This matters most for reminders because this preamble is where the PR now gives the model the current cron_add delivery hint. If the runtime preamble is skipped, the model gets no trusted delivery guidance for that turn.
The smallest fix is probably to stop treating raw user content as proof that the trusted preamble is already present. Since cached history is intentionally stored without [turn-context], the current outgoing turn can always receive the runtime preamble.

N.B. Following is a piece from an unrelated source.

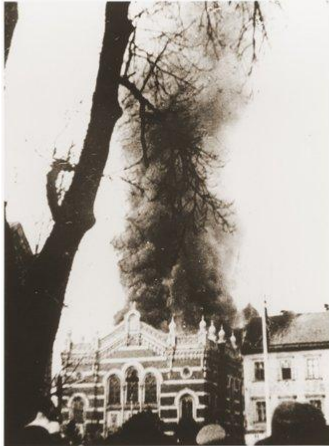
Obr. 4 Hořící synagoga v Opavě 10. 11. 1938 [33]

Jako na jiných územích připojených k Německu se i v Sudetech nacisté snažili o co nejrychlejší vyhnání židovského obyvatelstva. Byli napadáni, vězněni, či přímo vyváženi za hranice. Právě tam, na hraničních čárách se děly hrůzné scény odmítání pomoci. Na jedné straně utíkající židé, na druhé straně četníci s rozkazem ministerstva vnitra, který zakazoval vpouštění židů, kteří neměli na území republiky domovské právo. Nacisté židy z pohraničí s nadšením vyháněli a Češi se snažili za každou cenu zabránit jejich vstupu. Na více místech musely židovské rodiny, včetně dětí a starých lidí, přebývat v polích v zemi nikoho, mezi hlídkami obou zemí. Odmítání židovských uprchlíků a navíc (bývalých) československých občanů dosud nebylo v českém historickém povědomí téměř vůbec reflektováno. Přitom pohraničníci nejednali svévolně, ale na základě rozkazu z Prahy. Navíc se uzavření hranice pro židy nedatovalo od mnichovské dohody, ale přinejmenším už od počátku roku 1938. Jestliže se velká část židů z pohraničí na území druhé republiky přece jen dostala, bylo to především kvůli různým výjimkám, nedůslednosti, nemožnosti zcela uhlídat hranici a také kvůli nátlaku západních mocností. Část těchto uprchlíků se

Please also add a regression test where the inbound user message starts with [turn-context] and the provider payload still receives the real runtime preamble before the user text.
|
@yijunyu this PR is still waiting on the May 13 requested changes for the prefix-caching path, and I don't see an author update after that review. GitHub is not currently reporting a clean mergeability result for the branch, so I'm moving it out of active review. If you want to continue, please push a current branch addressing the existing review feedback, or reply here by June 16, 2026. If there is no update, we'll close this PR as stale and ask for a fresh narrow PR against current |
tidux
left a comment
There was a problem hiding this comment.
I reviewed the current head 1e0ae6f, linked issue #6360, @Audacity88's existing review, and the current master context around crates/zeroclaw-channels/src/orchestrator/mod.rs. I also reran the local checks after the first test attempt got interrupted: cargo fmt --all -- --check, the targeted helper/process tests, cargo test -p zeroclaw-channels --lib --quiet, and cargo clippy -p zeroclaw-channels --lib -- -D warnings all pass on this head.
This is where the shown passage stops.